OPINION. Signed by Judge Susan D. Wigenton on 1/24/2017. (JB, )
NOT FOR PUBLICATION
UNITED STATE DISTRICT COURT
DISTRICT OF NEW JERSEY
SANDY HILL BUILDING SUPPLY CO.,
Civil Action No. 15-05248-SDW-LDW
January 24, 2017
WIGENTON, District Judge.
Before this Court is the Motion for Summary Judgment of Plaintiff Teamsters Industrial
Employees Fund (“Plaintiff”), pursuant to FED. R. CIV. P. 56. This Court has jurisdiction over this
action pursuant to 28 U.S.C. § 1331. Venue is proper pursuant to 28 U.S.C. § 1391(b).
For the reasons discussed below, this Court DENIES Plaintiff’s Motion.
Plaintiff is a multiemployer pension plan within the meaning of the Employee Retirement
Income Security Act of 1974, as amended by the Multiemployer Pension Plan Amendments Act
of 1980, 29 U.S.C. § 1002(37). (Pl.’s Statement of Material Facts (“SMF”) ¶ 1.) Defendant Sandy
Hill Building Supply Co. (“Defendant”) was a contributing employer to the Teamsters Industrial
Employees Fund via a collective bargaining agreement with Local 560, International Brotherhood
of Teamsters. (See Pl.’s SMF ¶¶ 4, 7; Forte Aff. ¶¶ 4, 15.) In approximately August of 2014,
Defendant notified Plaintiff that it would be permanently ceasing operations and laying off its
bargaining unit employees. (Pl.’s SMF ¶ 10.) Plaintiff responded in a September 30, 2014 letter,
which notified Defendant that it was subject to withdrawal liability “to be paid in installments of
$4,573 per month for 240 months.” (Id. ¶ 11; Blumenfeld Aff. Ex. B.)
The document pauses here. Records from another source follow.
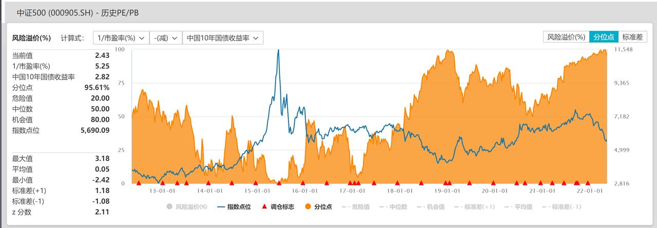 中证500和沪深300相比,风险溢价的分位数更高,处于 95.61%,性价比会更高。这跟我们的温度计也能对应上。
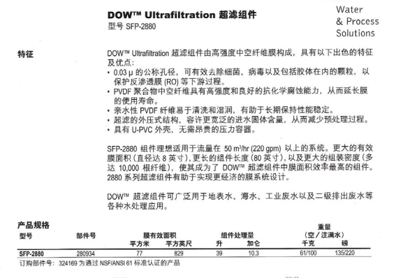 陶氏超滤膜SFP-2880
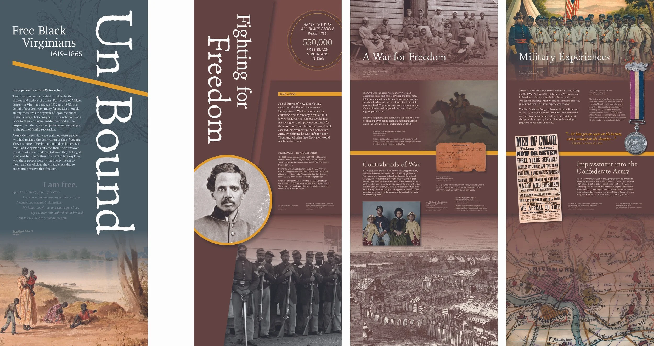 Un/Bound: Free Black Virginians, 1619–1865 brings together artifacts and compelling stories from across Virginia to explore the lives of free Black Virginians. From the arrival of the first captive Africans in 1619 to the abolition of slavery in 1865, the exhibition reveals how these individuals claimed their freedom, built communities, and navigated a legal system that recognized them as free but not equal.
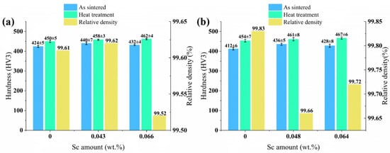 As shown in Figure 14, specimens prepared by fast hot pressed sintering achieve a high relative density of 99% in general, which was measured through Archimedes principle. And the hardness of as sintered Sc-doped superalloy both increase first and then slightly decrease with the increasing scandium content. Compared with as sintered condition, there is significant improvement in the hardness after heat treatment. Moreover, the hardness reaches the peak of 462 HV3 and 467 HV3 in U720Li and RR1000 when adding 0.06 wt.% scandium, which could be attributable to the impact of grain refinement.
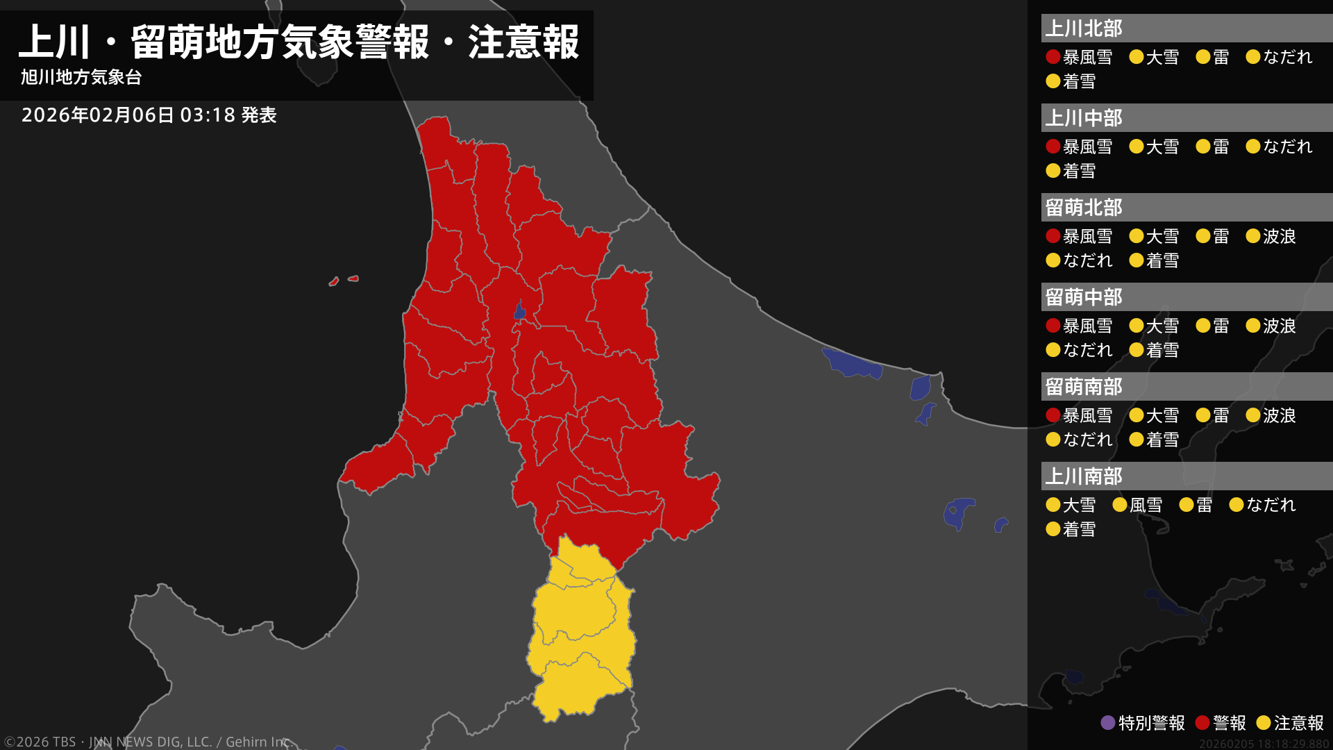 気象台は、午前3時18分に、暴風雪警報を旭川市、士別市、名寄市、鷹栖町、東神楽町、当麻町、比布町、愛別町、上川町、東川町、美瑛町、和寒町、剣淵町、下川町、美深町、音威子府村、中川町、幌加内町に発表しました。

On December 9, 2014, Defendant submitted a letter to Plaintiff requesting a plethora of
information regarding Plaintiff’s withdrawal liability assessment. 1 Plaintiff responded to the
December 9, 2014 letter and provided the requested information three days later. (Pl.’s SMF ¶ 14.)
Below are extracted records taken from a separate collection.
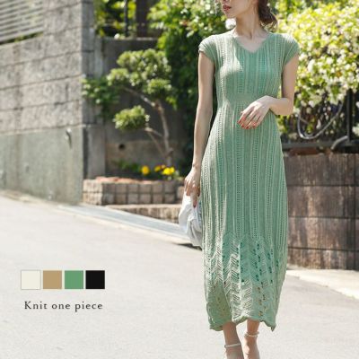 透かし編み ワンピース レディース ロング インナー付 キャミワンピ付 Vネック サマーニット ニットワンピ ペチワンピ きれいめ 大人 キレイめ メール便 2025春夏 M/L【lgww-at3092】【即納:1-5営業日】【送料無料】メ込4のレビュー
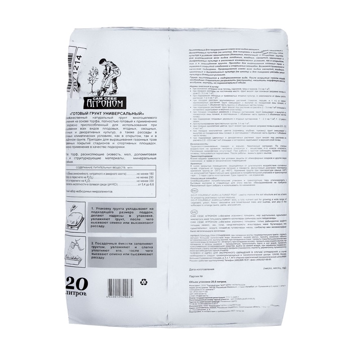 Высококачественный натуральный грунт многоцелевого назначения на основе торфа, полностью готовый к применению и прекрасно приспособленный для использования при выращивании рассады всех видов плодовых, ягодных, овощных, цветочных и декоративных культур открытого и защищенного грунта. Обеспечивает оптимальные условия для повышения всхожести семян, лучшей приживаемости рассады, улучшения эстетических качеств цветочных и декоративных культур. Возможно применение в качестве подкормки.
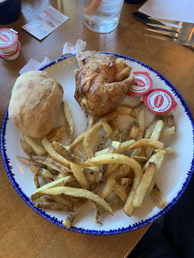 Each time I have gone there......the chicken was burnt on the outside and still pink in the middle......which means you're oven temp is to high ok...you need to fix that......and.......they have forgotten the poutine order......all four times....
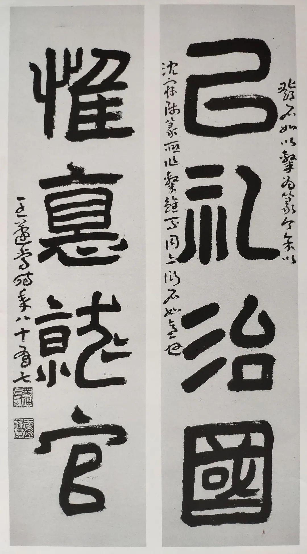 邓石如以隶为篆今余以沈寐师篆联作隶,虽不同亦衍石如意也。王蘧常时年八十有七
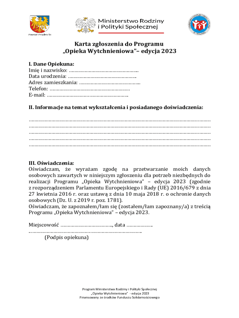 What is the Opieka Wytchnieniowa Application Form 2023?
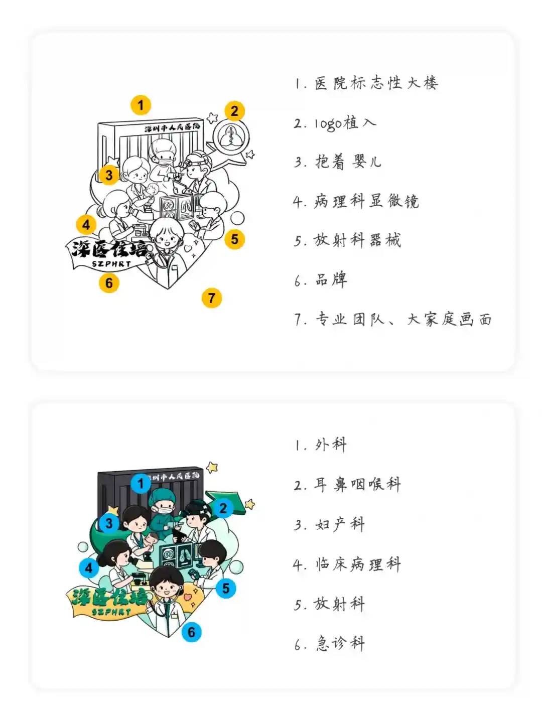 ✅这次的项目,品牌方除了要突出医院外,还希望把不同的科室尽可能的展示出来,每个科室的医生都有特殊的仪器和特点,需要策划不同的形象和选取标志性仪器,对图案设计的挑战还是很大的。设计过程和思路分享出来了,希望喜欢!
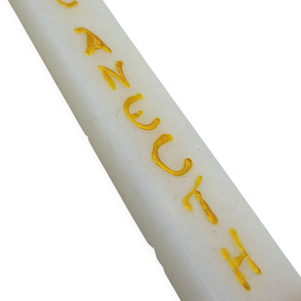 Χειροποίητη αρωματική πασχαλινή λαμπάδα με τη φράση «Χριστός Ανέστη», διακοσμημένη με χρυσά γράμματα σε λιτό και κομψό ύφος.
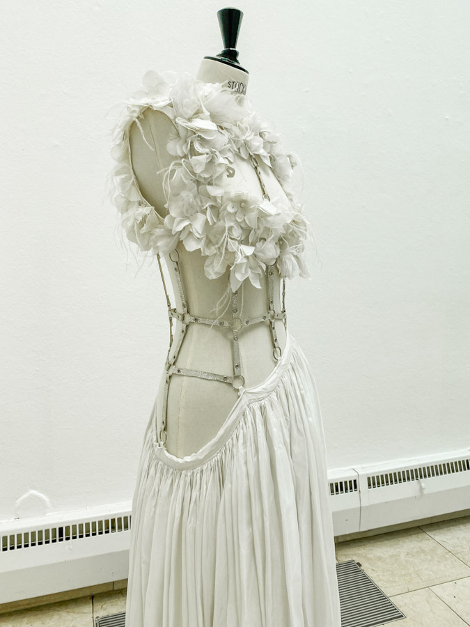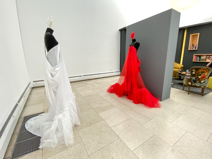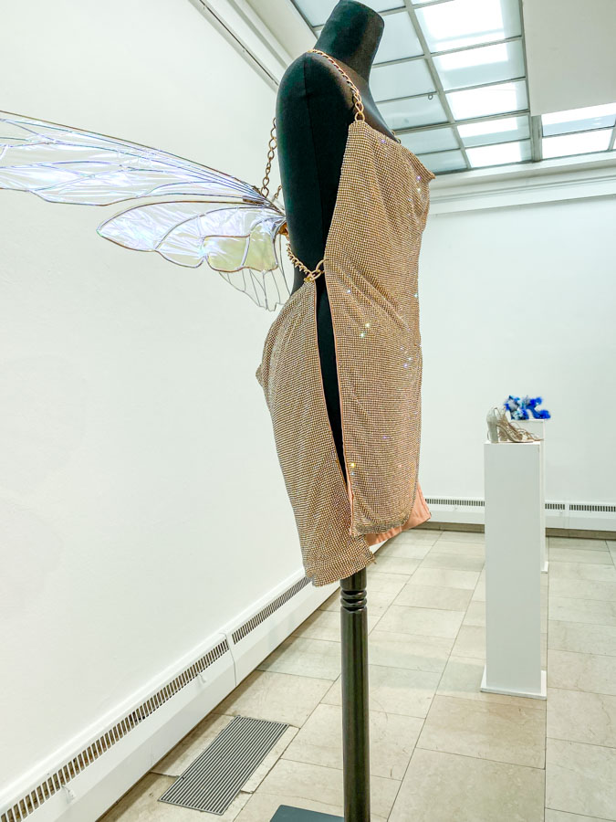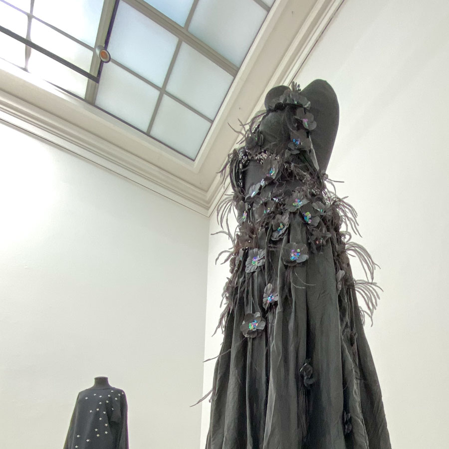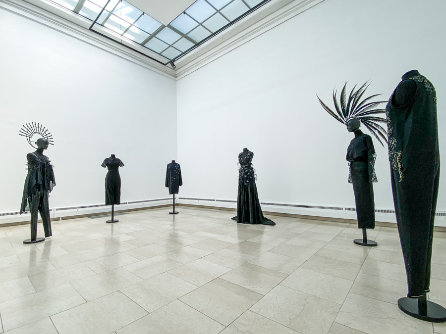 Leider viel zu kurz muss man hier sagen, denn nur zwei Tage kann man die großartigen und aufwendig veredelten Haute Couture Kreationen in den Räumen der Städtischen Galerie bewundern. Die Modelle sind atemberaubend und entführen in die Welten der sphärischen Schönheit und in die Erzählungen der Märchen.
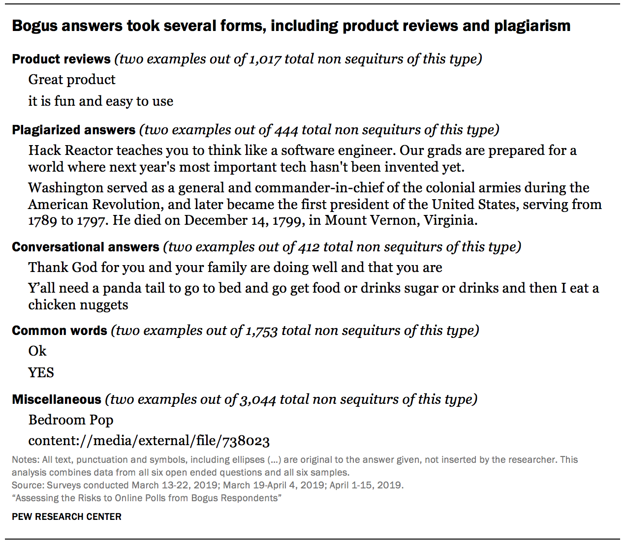 Some non sequitur answers are more suspicious than others. For example, when asked “When you were growing up, what was the big city nearest where you lived?,” some respondents gave geographic answers like “Ohio” or “TN.” But others gave answers such as “ALL SERVICES SOUNDS VERY GOOD” or “content://media/external/file/738023”.12 Answering with a state when the question asked for a city is qualitatively different from answering with text that has absolutely no bearing on the question. This is among the reasons this report focuses on cases that gave multiple non sequiturs, as opposed to just one. Multiple instances of giving answers that do not match the question is a more reliable signal of a bogus interview than a single instance.

However, in a December 19, 2014 letter, Defendant notified Plaintiff that Defendant had not
terminated its last employee until December 10, 2014, and requested that Plaintiff “consider this
date as the withdrawal date for Local 560 Fund purposes.” (Id. ¶ 15; Blumenfeld Aff. Ex. E.) In
response, Plaintiff issued a new notice of withdrawal liability to Defendant on February 5, 2015.
(Pl.’s SMF ¶¶ 19-22.)
The December 9, 2014 letter requested:
The most current Plan Document and Trust Agreement;
Rules and procedures adopted by the Plan;
Specific rules and procedures concerning Withdrawal Liability;
Actuarial reports for the Plan years ending December 31, 2011, December 31,
2012, and December 31, 2012.
The actuarial assumptions methods and calculations used by the Plan and its
actuary in determining the amount of the Plan's unfunded vested liability;
The Plan's proper computation of the value of its assets and liabilities;
The Plan's unfunded vested liability allocable to the company as calculated by the
Plan including accuracy of each underlying component used by the Plan in making
such a determination, such as but not limited to, the amount of the company's
historical contributions to the Plan;
The Plan's Withdrawal Liability as computed based on the Plan underlying
component used by the Plan in making such a determination, such as but not limited
to, the amount of the company's historical contributions to the Plan.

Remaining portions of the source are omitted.